WHY DISTILLATION ATTACKS ARE MORE DANGEROUS THAN THEY LOOK
Missing Safety Guardrails
Claude and other frontier models are built with extensive safety systems to prevent misuse -- for example, refusing to help synthesize bioweapons or assist with malicious cyber operations. When a model is built via illicit distillation, those safety constraints are not automatically inherited. The capability gets cloned; the guardrails do not. The result is a frontier-capable model with the safety properties of an unaligned system.
Undermining Export Controls
The U.S. has implemented chip export controls specifically to prevent adversarial nations from training frontier AI models. Distillation attacks circumvent that strategy at the software layer. The capability gap that export controls are meant to preserve gets closed anyway through stolen model outputs.
The Competitive Inversion Problem
When Chinese labs make rapid AI progress, the surface-level interpretation is that export controls aren't working. But if that progress is substantially powered by distillation from American models, then export controls are working exactly as intended -- the adversary's progress is dependent on continued access to U.S. AI outputs, not on independent innovation. Anthropic's disclosure reframes the entire export control debate.
HOW DEFENSES WORK
Anthropic and other frontier labs are building multi-layered responses:
Behavioral Fingerprinting and Classifiers: Automated detection systems that identify distillation attack patterns in API traffic, including detection of chain-of-thought elicitation used to construct reasoning training data.
Coordinated Account Detection: Tools for identifying correlated behavior across large numbers of accounts -- shared payment methods, synchronized timing, identical prompt structures.
Chain-of-Thought Summarization: Anthropic summarizes long reasoning traces before serving them, reducing the amount of explicit CoT information available for extraction while preserving answer quality.
Watermarking: Embedding invisible statistical watermarks in model outputs so that if those outputs appear in a competing model's training data, it can be proven cryptographically.
Access Control Hardening: Strengthening identity verification for educational accounts, security research programs, and startup accounts -- the pathways most commonly exploited to set up fraudulent API access.
Intelligence Sharing: Sharing technical indicators (IP clusters, request metadata patterns) with other AI labs, cloud providers, and government authorities.
Model-Level Countermeasures: Developing API and model-level safeguards that degrade the usefulness of model outputs specifically for distillation training, without affecting the experience of legitimate users.
OpenAI has similarly begun training its models to avoid revealing reasoning paths, using classifiers to detect and mask chain-of-thought leakage before it reaches the API response.
THE BIGGER PICTURE
Distillation attacks represent a new category of AI security threat that sits at the intersection of intellectual property law, national security, and AI safety. They are technically sophisticated, economically motivated, and structurally difficult to stop -- because the underlying technique (querying an API and collecting outputs) is identical to normal, legitimate usage.

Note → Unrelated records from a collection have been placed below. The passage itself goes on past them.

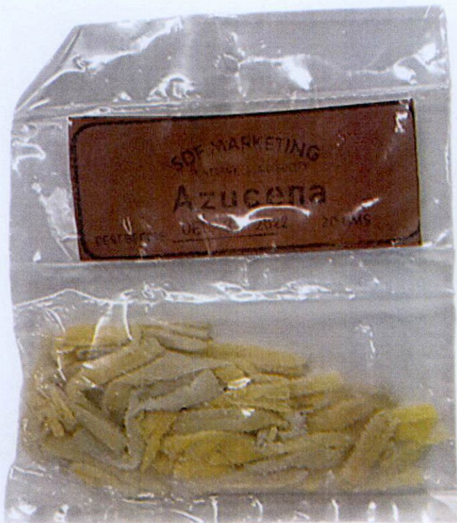
Figure 4. Unregistered SDF MARKETING Azucena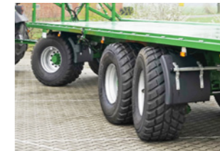
The positive steering axle The turning radius and therefore also the manoeuvrability of the trailer are effectively improved on the three-axle vehicle by adding a positive steering axle on the last axle. The steering third axle will help preserve tyres and the floor. As the steering is activated automatically via the turntable on the front axle, no separate coupling to the tractor unit is required.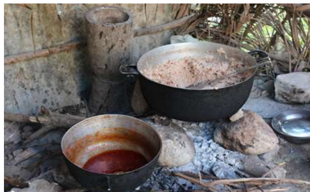
Volunteers cook the noon meals on school grounds.

Trinity HOPE is a ministry that feeds thousands of hungry children, teachers and cooks each day in Christian schools spread throughout Haiti. This is the only meal nearly 50% of those served will eat in a 24-hour period. Children receive a nutritious bowl of rice (or corn) and beans, with a high-protein mix of tomato paste, dried herring, oil, maggi (seasoning) and water. The special mix was developed by a Vanderbilt University nutritionist. Approximately 62% of Haitians suffer from malnutrition.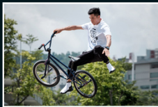
ALL ABOUT CYCLING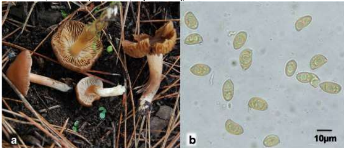
Figure 3. Inocybe quietiodor : a- basidiocarps, b- spores.

Afyonkarahisar, Sandıklı, Örencik village, Çivril ways to 1 st km, Bölükçam location, it grows in the pine areas, 38°26.70N-29°53.52E, 1190 ± 10m, 30.11.2008, Afyon and Yağız 2597.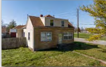
3702 Aurora St, Indianapolis, IN

2,016 SF 5 Beds, 2 Baths Occupancy - Leased 2023-2024 - Leased 2024-2025

The difference between a user and an attacker isn't the action -- it's the intent, scale, and systematic structure behind that action. Detecting that boundary at API scale, in real-time, across millions of requests, is a genuinely hard problem. The fact that Anthropic caught MiniMax mid-campaign before their model launched suggests the industry is getting better at it -- but the race between extractors and defenders is far from over.
The window to establish norms, technical defenses, and legal frameworks around distillation attacks is narrow and closing fast. As Anthropic put it: addressing this will require rapid, coordinated action among industry players, policymakers, and the global AI community.